Depreciation expense for Years 1 to 4 is $17,750 x 4 years $71,000.
The unit-of-production method is used when the asset value closely relates to the units of output it is able to produce. It is expressed with the formula below:
(Original Cost - Salvage value) / Estimated production capacity x Units/year
At Year 1, depreciation expense (DE) is: ($80,000 - $9,000) / 710,000 units x 213,000 units = $21,300
At Year 2, DE = $71,000 / 710,000 units x 156,200 units = $15,620
At Year 3, DE = $71,000 / 710,000 units x 195,250 units = $19,525
At Year 4, DE = $71,000 / 710,000 units x 145,550 units = $14,555
Note that this depreciation method results in higher depreciation charge when the asset is heavily used, at this time, it was in Year 1, followed by Year 2. Â
Depreciation expense for Years 1 to 4, under this method, is $71,000 (addition of all the yearly depreciation).

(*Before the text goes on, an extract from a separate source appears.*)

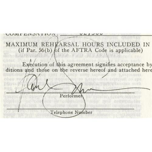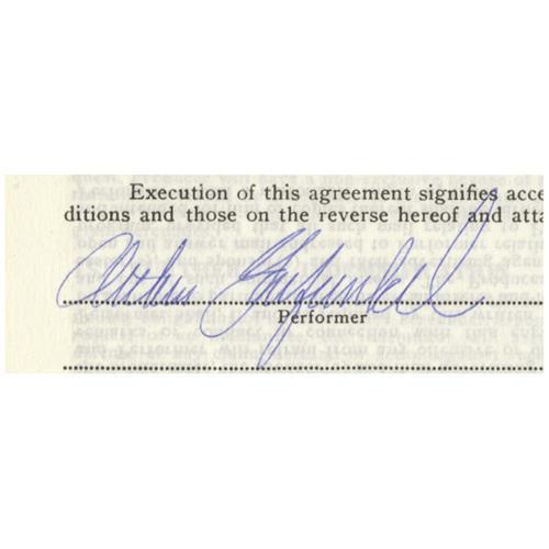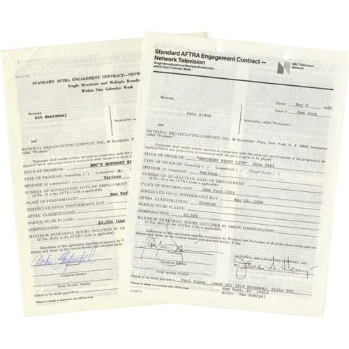 <B>Paul Simon and Art Garfunkel Signed "Saturday Night Live" Contracts.</B></I> Included is a standard AFTRA engagement contract dated March 3, 1978, engaging Art Garfunkel as host for an episode of <I>Saturday Night Live,</B></I> signed by him in blue ink; plus a second standard AFTRA contract dated May 9, 1986, engaging Paul Simon as co-host for an episode of the show, signed by him in black ink. Both are in Very Fine to Excellent condition with mild wear and tanning, and the usual staple and binder holes.<I>Accompanied by LOA from PSA/DNA.</B></I><BR><BR><b>Shipping:</b> Flat Material, Small (<a target="_blank" href="http://www.heritageauctions.com/common/shipping.php">view shipping information</a>)

The double-declining method is otherwise known as the reducing balance method and is given by the formula below:
Double declining method = 2 X SLDP X BV
SLDP = straight-line depreciation percentage
BV = Book value
SLDP is 100%/4years = 25%, then 25% multiplied by 2 to give 50%
At Year 1, 50% X $80,000 = $40,000
At Year 2, 50% X $40,000 ($80,000 - $40,000) = $20,000
At Year 3, 50% X $20,000 ($40,000 - $20,000) = $10,000
At Year 4, 50% X $10,000 ($20,000 - $10,000) = $5,000 (the depreciation expense would stop at this stage since the amount falls below the residual value).
Depreciation expense for Years 1 to 4, under this method, is $75,000 (addition of all the yearly depreciation).